Peers Reject Renters' Rights Bill Amendments
The House of Lords has refused a series of late-stage amendments to the Renters’ Rights Bill, including proposals around pet damage deposits, student tenancy grounds, and re-letting limits. With these changes vetoed, the Bill will return to the Commons for final approval before being passed for Royal Assent — likely very soon.
Pet damage deposit amendment fails
One of the most closely watched proposals was a measure to allow landlords to charge an additional pet damage deposit of one to three weeks’ rent, separate from the existing five-week (or six-week) deposit cap. Peers voted 239 to 192 to reject the amendment, citing concerns that such a move would be “unaffordable for tenants.”
Baroness Scott of Bybrook, who supported the change, reminded the chamber that the government had earlier backed a pet damage insurance requirement — a scheme later dropped — and argued that the amendment would have offered a “fair balance” between landlord risk and tenant protection. She pointed to data from Propertymark indicating that 85.3% of landlords and agents have experienced pet damage, with 57% unable to recover those costs.

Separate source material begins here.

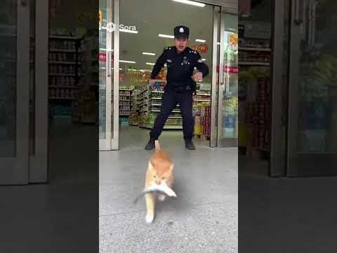 Viral Cat Stealing Fish in a Supermarket #cat #shorts

The government defended the rejection, arguing that the average deduction for pet damage is only about £300 and that the proposed deposit would exceed what is reasonable. It also noted that the Bill retains delegated powers under the Tenant Fees Act to allow for higher deposits in certain cases, should evidence emerge.
Student tenancies and re-letting controls also knocked back
Peers also turned down Amendment 53A, which would have extended Ground 4A possession rights to one- and two-bedroom student tenancies, beyond large HMOs. The amendment was defeated 212 to 169. Supporters warned that without this change, landlords might struggle to regain student lets in time for academic turnover, leading to fewer available properties and higher rents.
Another proposal, Amendment 18, sought to reduce the minimum waiting period before a landlord can re-let a property after a failed sale from 12 months to 6 months, and to require proof of genuine efforts to sell. This was rejected by 215 to 204 votes.
Peers also dismissed amendments that would have introduced a grounds provision for landlords to repossess a property to house a carer, and ones that would have required local authorities to use the criminal standard of proof in enforcement cases. Instead, Peers agreed to strengthen guidance while maintaining the civil standard of proof.
Reaction and what comes next
Industry voices were swift in response. William Reeve, CEO of Goodlord, noted that the Lords appeared to have exhausted momentum:
“Once again demand among the Lords for both a pet deposit scheme and changes to Ground 4A sparked much debate, but ultimately the Government won out … With all votes for the outstanding amendments going in the Government’s direction, the process of ‘ping pong’ comes to an end and the Bill will move towards Royal Assent following final approval in the Commons.”
He also warned of widespread unpreparedness in the sector: sole-operator agencies reportedly remain the least ready, with only 4% describing themselves as “very prepared,” while less than half of larger agencies say they are completely ready.
With the Lords now done, the Bill returns to the Commons for a final sign-off before Royal Assent can be granted. According to the NRLA, Peers have rejected the key amendments, putting the Bill on track to become law imminently. Once Royal Assent is secured, implementation may follow swiftly, beginning the transition to the new tenancy regime.
For landlords and agents, the window to adapt is narrowing. The final text now appears largely settled, leaving operational readiness — in areas such as notice procedures, evidential standards, and risk management — as the next frontier in this transformative reform.